🥇 Gold Pipeline

The Gold pipeline is the final and most intensive transformation stage. It prepares the data specifically for machine learning by applying complex feature engineering and preprocessing steps.

Source Code: src/pipelines/gold_pipeline.py

🎯 Purpose

To create a feature-rich, analysis-ready dataset for modeling.
To handle missing values, encode categorical variables, and apply advanced transformations.
To provide a flexible workflow that can be optimized for different model architectures (e.g., linear models vs. tree-based models).
To save the fitted preprocessing objects (like scalers and encoders) from the training run so they can be applied consistently across all data splits.

🔄 Pipeline Workflow

The pipeline's workflow is dynamically adjusted based on the is_tree_model parameter in params.yaml. This allows for an optimized path for tree-based models like LightGBM.

%%{init: {'theme': 'dark'}}%% graph TD A[Load Silver Data] --> B{Clean & Impute Data} B --> C{Feature Engineering} C --> D{is_tree_model: true?} D -- No --> E{Full Preprocessing<br/>Grouping, Outliers, Power Transforms, Scaling} D -- Yes --> F{Optimized Preprocessing<br/>Integer Encoding} E --> G{Run GE Validation} F --> G G --> H{Save Gold Data & Transformers}

🔑 Key Steps

The pipeline has two main execution paths, controlled by the is_tree_model parameter.

Default Path (`is_tree_model: false`)

This path is designed for models that are sensitive to feature scale and distribution, such as linear models or SVMs.

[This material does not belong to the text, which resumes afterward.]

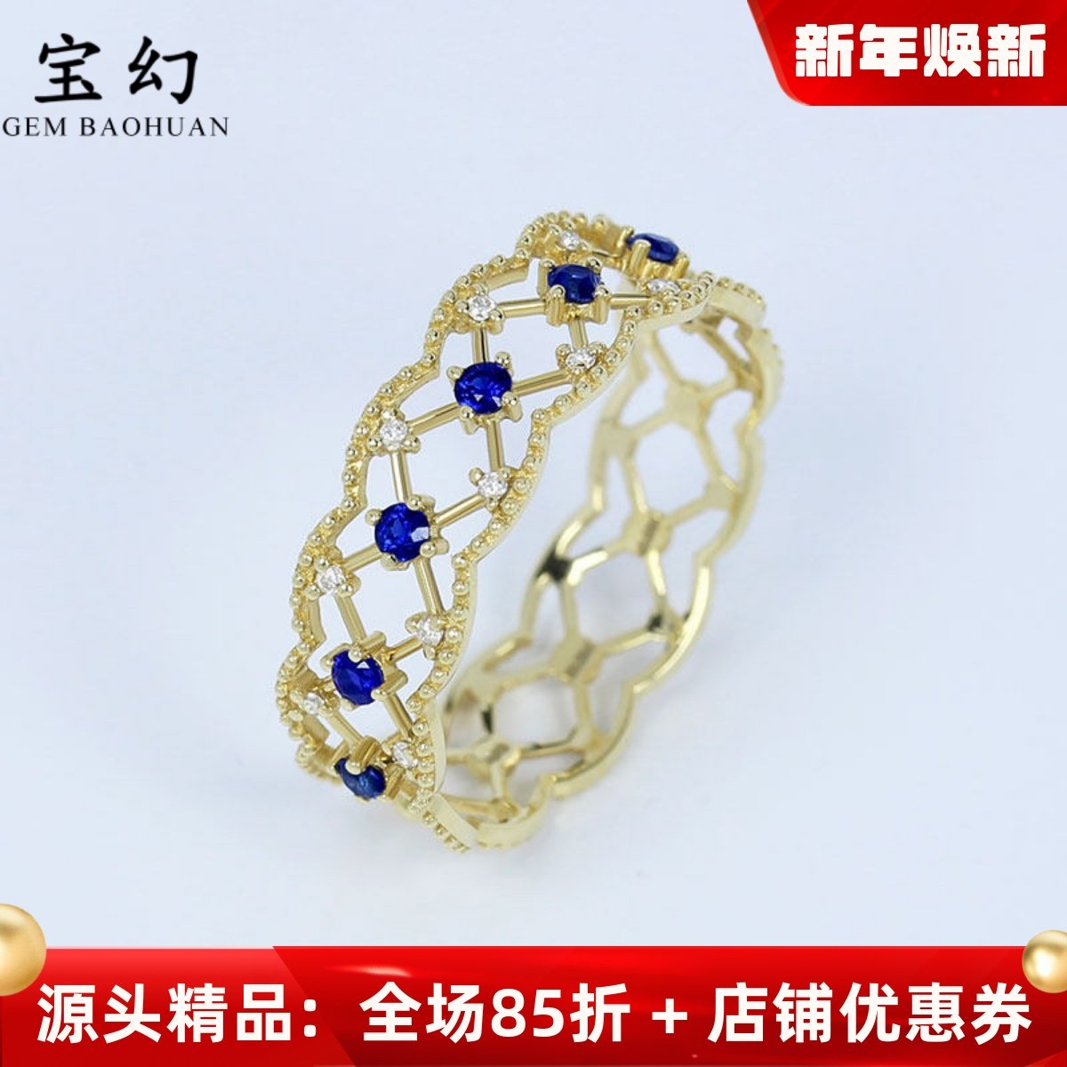 加厚18k黄金天然蓝宝石钻石戒指 精美彩宝复古镂空蕾丝珠边女指环

Data Ingestion & Cleaning: Loads and cleans data from the Silver layer.
Imputation: Fills missing values based on the configured strategies.
Feature Engineering: Creates cyclical and interaction features.
Rare Category Grouping: Groups infrequent categorical values.
Categorical Encoding: Transforms categorical columns into a numerical format (often One-Hot Encoding).
Outlier Handling: Detects and mitigates the effect of outliers.
Power Transformations: Applies transformations (e.g., Yeo-Johnson) to make data distributions more Gaussian-like.
Scaling: Fits a scaler (e.g., StandardScaler) and scales numerical features.
Final Validation & Saving: Runs a Great Expectations checkpoint and saves the data and fitted transformers.

Optimized Tree Model Path (`is_tree_model: true`)

This streamlined path is used for tree-based models like LightGBM and XGBoost, which do not require extensive preprocessing.

Data Ingestion & Cleaning: Same as the default path.
Imputation: Same as the default path.
Feature Engineering: Same as the default path.
Categorical Encoding: Uses efficient integer-based encoding (e.g., OrdinalEncoder), which is handled natively by tree-based models.
Final Validation & Saving: Runs a Great Expectations checkpoint and saves the data and fitted transformers.

Skipped Steps: In this path, Rare Category Grouping, Outlier Handling, Power Transformations, and Scaling are all bypassed, leading to a much faster and more efficient pipeline.

▶️ How to Run

The main function in the script orchestrates the processing for the train, validation, and test splits automatically.

Using CLI Shortcut:

run-gold-pipeline

Direct Execution:

python src/pipelines/gold_pipeline.py

⚙️ Configuration

The Gold pipeline uses a hybrid configuration approach:

params.yaml: This file stores parameters that are treated like hyperparameters for the pipeline itself. This includes strategies for imputation, outlier handling, scaling, and thresholds for grouping rare categories. A key parameter here is is_tree_model, which, when set to true, bypasses unnecessary steps like scaling and power transformations that are not required for tree-based models like LightGBM.
src/shared/config/config_gold.py: This stores more static, developer-managed configuration, such as lists of columns to be dropped, lists of columns to undergo specific transformations (e.g., POWER_TRANSFORMER_COLUMNS), and paths for saving processed data and fitted transformer objects.

📦 Dependencies and Environment

Key Libraries: pandas, scikit-learn, great-expectations.
Input Schema: The pipeline expects Parquet files from the data/silver_data/processed/ directory, conforming to the schema produced by the Silver pipeline.

🐛 Error Handling and Quarantining

Process: Similar to the Silver pipeline, if the final DataFrame fails the Gold validation checkpoint, it is saved to the quarantine directory (data/gold_data/quarantined/). The pipeline logs are particularly helpful here, as they print a summary of the failing expectations directly to the console.
Debugging:
1. Check the console output and log files for the summary of failing expectations.
2. For a deeper dive, consult the Great Expectations Data Docs.
3. Analyze the quarantined Parquet file to understand the data state that led to the failure.
Common Failure Reasons:
- A feature engineering step produced an unexpected result (e.g., NaN or inf).
- The final number of columns is incorrect, often due to an issue with categorical encoding.
- The distribution of a scaled feature is outside the expected range, indicating a potential problem with the source data or the scaling logic.